> _Task to carry out_: A line below contains "b2b vs b2c difference", and a later one contains "Shirt collar jumpsuit". Repeat both, with every line between them, exactly.

> _Data section_:
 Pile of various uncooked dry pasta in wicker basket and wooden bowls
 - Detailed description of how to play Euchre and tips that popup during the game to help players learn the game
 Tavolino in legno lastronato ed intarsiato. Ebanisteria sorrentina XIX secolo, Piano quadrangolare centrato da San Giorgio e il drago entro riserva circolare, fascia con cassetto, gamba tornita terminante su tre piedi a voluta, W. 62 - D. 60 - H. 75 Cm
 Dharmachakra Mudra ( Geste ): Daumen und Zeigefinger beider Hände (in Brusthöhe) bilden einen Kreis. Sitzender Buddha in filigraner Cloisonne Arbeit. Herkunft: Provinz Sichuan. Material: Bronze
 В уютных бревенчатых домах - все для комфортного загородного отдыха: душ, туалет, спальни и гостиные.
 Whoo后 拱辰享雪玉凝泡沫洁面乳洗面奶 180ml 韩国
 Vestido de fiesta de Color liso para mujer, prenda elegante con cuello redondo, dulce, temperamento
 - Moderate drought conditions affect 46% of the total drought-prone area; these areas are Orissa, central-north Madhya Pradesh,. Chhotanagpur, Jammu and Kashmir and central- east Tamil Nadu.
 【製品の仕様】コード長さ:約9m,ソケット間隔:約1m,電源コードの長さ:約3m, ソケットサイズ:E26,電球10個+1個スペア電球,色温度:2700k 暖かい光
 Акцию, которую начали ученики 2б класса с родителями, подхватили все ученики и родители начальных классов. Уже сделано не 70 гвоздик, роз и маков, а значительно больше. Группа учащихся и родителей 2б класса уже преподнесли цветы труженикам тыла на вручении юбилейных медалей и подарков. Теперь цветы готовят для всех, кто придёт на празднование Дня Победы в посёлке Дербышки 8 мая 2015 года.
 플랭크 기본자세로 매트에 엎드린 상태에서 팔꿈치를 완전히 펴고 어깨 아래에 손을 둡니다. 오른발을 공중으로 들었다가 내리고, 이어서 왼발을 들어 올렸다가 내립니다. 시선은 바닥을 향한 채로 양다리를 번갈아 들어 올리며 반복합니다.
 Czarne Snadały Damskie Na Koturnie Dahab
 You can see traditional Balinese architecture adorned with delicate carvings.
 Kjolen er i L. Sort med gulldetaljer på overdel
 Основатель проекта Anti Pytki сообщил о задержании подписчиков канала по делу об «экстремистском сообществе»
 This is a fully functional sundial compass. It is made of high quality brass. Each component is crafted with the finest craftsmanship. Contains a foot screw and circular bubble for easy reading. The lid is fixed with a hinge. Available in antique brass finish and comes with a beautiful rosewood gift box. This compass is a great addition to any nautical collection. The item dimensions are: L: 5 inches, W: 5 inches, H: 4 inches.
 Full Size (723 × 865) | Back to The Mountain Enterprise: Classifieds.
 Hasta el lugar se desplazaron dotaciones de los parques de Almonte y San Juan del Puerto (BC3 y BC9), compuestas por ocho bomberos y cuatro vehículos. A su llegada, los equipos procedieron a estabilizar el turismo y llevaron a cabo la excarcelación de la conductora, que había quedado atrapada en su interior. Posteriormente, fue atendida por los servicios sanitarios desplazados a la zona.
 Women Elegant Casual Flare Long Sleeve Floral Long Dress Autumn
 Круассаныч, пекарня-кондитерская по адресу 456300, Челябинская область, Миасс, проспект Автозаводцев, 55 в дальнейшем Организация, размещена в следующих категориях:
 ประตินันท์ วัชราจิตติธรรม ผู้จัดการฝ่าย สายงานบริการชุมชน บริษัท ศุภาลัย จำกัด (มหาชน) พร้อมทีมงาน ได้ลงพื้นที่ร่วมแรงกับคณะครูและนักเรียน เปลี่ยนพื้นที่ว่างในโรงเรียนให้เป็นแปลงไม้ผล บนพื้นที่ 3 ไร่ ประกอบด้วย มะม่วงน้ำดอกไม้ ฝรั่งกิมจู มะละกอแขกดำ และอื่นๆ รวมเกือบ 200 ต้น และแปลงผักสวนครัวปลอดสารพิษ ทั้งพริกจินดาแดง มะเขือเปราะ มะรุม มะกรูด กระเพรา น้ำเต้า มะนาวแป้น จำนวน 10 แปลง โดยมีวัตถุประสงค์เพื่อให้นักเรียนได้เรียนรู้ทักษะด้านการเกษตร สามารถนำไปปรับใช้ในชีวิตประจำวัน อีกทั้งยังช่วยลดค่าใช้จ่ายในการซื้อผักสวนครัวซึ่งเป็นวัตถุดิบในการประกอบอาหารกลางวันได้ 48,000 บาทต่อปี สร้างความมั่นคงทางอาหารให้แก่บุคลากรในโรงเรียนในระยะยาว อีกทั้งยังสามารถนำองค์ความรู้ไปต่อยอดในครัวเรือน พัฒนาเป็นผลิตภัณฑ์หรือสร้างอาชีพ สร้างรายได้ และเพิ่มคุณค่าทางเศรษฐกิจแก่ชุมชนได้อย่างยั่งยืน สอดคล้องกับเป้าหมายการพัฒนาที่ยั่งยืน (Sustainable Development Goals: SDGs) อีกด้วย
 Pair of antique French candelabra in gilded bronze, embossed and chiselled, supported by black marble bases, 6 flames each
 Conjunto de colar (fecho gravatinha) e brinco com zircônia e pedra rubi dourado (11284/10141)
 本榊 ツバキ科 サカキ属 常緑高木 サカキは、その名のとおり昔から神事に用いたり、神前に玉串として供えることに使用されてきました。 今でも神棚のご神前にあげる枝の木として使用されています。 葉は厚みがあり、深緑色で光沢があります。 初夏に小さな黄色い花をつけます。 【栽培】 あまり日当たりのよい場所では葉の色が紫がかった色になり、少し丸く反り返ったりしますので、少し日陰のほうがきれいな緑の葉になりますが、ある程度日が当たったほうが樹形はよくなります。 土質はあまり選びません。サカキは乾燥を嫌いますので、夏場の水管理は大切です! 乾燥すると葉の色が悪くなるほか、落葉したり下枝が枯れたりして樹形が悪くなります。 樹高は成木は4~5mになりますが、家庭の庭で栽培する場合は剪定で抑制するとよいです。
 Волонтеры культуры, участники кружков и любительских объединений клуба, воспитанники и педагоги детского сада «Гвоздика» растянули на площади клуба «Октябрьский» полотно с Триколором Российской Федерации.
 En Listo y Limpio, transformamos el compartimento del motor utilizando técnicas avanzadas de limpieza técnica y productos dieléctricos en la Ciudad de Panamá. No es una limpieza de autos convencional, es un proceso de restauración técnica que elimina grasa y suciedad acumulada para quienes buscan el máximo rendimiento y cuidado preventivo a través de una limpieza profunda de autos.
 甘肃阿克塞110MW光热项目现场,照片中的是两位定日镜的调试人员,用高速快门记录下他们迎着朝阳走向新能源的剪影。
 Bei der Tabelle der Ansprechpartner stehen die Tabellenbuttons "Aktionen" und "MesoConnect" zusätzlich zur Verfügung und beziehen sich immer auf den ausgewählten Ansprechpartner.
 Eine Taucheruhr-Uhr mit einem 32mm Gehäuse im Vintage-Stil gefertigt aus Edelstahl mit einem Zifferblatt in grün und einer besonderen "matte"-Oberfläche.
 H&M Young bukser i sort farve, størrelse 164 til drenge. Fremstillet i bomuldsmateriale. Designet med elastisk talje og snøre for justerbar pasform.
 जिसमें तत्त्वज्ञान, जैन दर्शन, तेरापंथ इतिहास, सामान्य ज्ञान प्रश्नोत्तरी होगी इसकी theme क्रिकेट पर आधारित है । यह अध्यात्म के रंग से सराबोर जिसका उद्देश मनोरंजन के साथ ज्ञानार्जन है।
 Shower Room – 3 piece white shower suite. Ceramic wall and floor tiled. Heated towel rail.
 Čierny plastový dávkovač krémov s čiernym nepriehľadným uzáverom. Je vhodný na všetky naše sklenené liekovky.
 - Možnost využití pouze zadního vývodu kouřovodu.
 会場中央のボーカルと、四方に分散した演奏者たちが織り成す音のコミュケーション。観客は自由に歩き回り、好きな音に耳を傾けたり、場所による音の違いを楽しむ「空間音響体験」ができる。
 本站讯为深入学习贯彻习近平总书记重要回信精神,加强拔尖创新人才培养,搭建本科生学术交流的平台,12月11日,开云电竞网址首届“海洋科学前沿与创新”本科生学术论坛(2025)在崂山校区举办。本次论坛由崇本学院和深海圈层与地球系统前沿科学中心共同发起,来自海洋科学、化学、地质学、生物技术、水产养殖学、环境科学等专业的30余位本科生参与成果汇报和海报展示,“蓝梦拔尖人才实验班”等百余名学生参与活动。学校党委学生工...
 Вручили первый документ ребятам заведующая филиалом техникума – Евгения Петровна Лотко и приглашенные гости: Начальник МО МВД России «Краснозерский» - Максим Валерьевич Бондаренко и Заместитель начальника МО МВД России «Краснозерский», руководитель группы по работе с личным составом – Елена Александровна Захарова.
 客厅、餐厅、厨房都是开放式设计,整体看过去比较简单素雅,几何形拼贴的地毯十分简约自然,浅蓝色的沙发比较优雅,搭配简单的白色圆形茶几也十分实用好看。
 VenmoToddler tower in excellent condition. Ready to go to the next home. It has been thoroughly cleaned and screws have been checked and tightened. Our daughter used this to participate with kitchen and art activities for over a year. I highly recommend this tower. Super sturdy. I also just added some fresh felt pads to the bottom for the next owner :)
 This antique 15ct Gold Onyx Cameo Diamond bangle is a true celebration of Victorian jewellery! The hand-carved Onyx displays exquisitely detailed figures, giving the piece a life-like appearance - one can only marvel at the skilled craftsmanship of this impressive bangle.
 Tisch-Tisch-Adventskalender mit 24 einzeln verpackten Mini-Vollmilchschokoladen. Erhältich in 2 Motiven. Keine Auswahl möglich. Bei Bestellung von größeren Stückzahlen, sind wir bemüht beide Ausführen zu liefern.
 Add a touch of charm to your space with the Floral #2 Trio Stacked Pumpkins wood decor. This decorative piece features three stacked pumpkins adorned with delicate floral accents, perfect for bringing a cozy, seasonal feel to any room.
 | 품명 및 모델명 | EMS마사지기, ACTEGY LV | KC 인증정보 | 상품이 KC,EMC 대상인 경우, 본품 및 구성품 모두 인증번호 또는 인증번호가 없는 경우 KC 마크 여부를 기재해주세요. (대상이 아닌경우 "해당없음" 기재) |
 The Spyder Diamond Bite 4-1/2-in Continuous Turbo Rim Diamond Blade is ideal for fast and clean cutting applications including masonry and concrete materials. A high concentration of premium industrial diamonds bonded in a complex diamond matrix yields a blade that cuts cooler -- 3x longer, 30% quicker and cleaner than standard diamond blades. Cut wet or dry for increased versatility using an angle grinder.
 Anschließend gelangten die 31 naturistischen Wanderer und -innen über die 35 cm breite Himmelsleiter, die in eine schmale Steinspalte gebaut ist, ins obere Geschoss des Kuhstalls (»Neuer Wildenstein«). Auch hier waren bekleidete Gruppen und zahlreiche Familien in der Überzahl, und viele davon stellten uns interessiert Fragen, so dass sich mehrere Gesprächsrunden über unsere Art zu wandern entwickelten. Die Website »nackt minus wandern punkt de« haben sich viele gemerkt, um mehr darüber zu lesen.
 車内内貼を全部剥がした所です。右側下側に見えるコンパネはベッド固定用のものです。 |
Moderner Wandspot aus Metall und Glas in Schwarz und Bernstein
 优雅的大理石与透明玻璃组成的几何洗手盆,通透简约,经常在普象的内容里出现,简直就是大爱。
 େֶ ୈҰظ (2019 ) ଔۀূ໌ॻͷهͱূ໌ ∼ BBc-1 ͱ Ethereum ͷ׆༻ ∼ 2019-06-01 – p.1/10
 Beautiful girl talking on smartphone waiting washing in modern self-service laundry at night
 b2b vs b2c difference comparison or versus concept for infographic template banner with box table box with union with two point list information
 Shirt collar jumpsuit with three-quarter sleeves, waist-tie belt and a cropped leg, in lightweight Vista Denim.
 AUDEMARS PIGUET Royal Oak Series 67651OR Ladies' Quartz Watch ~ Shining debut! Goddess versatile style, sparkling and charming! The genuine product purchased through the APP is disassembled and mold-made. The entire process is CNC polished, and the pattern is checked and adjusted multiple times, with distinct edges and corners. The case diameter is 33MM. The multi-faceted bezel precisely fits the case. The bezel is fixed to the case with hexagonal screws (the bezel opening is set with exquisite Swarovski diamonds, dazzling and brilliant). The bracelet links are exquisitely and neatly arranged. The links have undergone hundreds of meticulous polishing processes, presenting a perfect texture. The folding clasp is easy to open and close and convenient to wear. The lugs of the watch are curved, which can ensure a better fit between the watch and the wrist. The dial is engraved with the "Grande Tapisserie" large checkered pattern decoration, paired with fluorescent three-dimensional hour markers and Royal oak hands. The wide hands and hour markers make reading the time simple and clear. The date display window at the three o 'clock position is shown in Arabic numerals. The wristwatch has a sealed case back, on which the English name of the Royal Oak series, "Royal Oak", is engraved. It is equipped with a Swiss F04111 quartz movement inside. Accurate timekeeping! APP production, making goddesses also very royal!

> _Output below_:
 b2b vs b2c difference comparison or versus concept for infographic template banner with box table box with union with two point list information
 Shirt collar jumpsuit with three-quarter sleeves, waist-tie belt and a cropped leg, in lightweight Vista Denim.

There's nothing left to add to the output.